Ανάλυση συναισθημάτων σε πλατφόρμες κοινωνικών δικτύων μέσω τεχνικών επεξεργασίας φυσικής γλώσσας
Sentiment analysis in social media platforms through NLP techniques

View/ Open
Keywords
Ανάλυση συναισθημάτων ; Transformers ; BERT ; Κοινωνικά δίκτυα ; Πολυετικετική ταξινόμηση ; Μηχανική μάθηση ; Βαθιά μάθηση ; Sentiment analysis ; Social media ; Multilabel classification ; Machine learning ; Deep learning ; Επεξεργασία φυσικής γλώσσας ; Natural language processingAbstract
The analysis of sentiment and emotion in social media content has become an essential tool for gauging
public opinion and societal trends across diverse domains such as business, healthcare, and politics. This
dissertation examines the effectiveness of transformer-based deep learning models, with a particular
focus on BERT (Bidirectional Encoder Representations from Transformers), for the task of fine-grained
emotion classification in social media text.
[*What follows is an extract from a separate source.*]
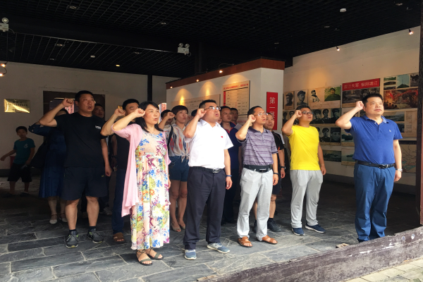 随后,全体党员赶到爱国主义教育基地中国人民解放军渡江路线指挥部旧址参观,重温革命战争的烽火岁月,追思革命烈士的丰功伟绩,感悟心灵。在仔细阅览了馆藏的实物、图片的珍贵资料后,在公司党委书记王开友的带领下,面对党旗,重温了入党誓词。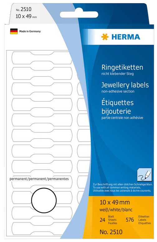 Étiquettes bijouterie 10 x 49 mm, blanches, demi carton mat, pour l'inscription manuelle,

Utilizing the GoEmotions dataset, which consists of Reddit
comments annotated with 28 distinct emotion categories, a comprehensive multi-label emotion detection
pipeline is developed and evaluated.
The methodology encompasses rigorous data preprocessing, strategies for addressing class imbalance,
and systematic hyperparameter optimization to fine-tune BERT for multi-label emotion classification.
Experimental results indicate that model performance, as measured by micro and macro F1 scores and
overall accuracy, improves substantially with increased training data and extended training duration. Error
analysis further highlights persistent challenges, including class imbalance and the detection of
ambiguous or overlapping emotional expressions.
To assess real-world applicability, the trained model is deployed on contemporary X data(previously
known as Twitter), enabling emotion monitoring within live social media streams. The findings underscore
both the potential and current limitations of deep learning approaches for emotion analysis in noisy, user
generated text. Recommendations are provided for future research, including advanced techniques for
managing data imbalance, enhancing domain adaptation, and addressing ethical considerations
associated with large-scale emotion recognition.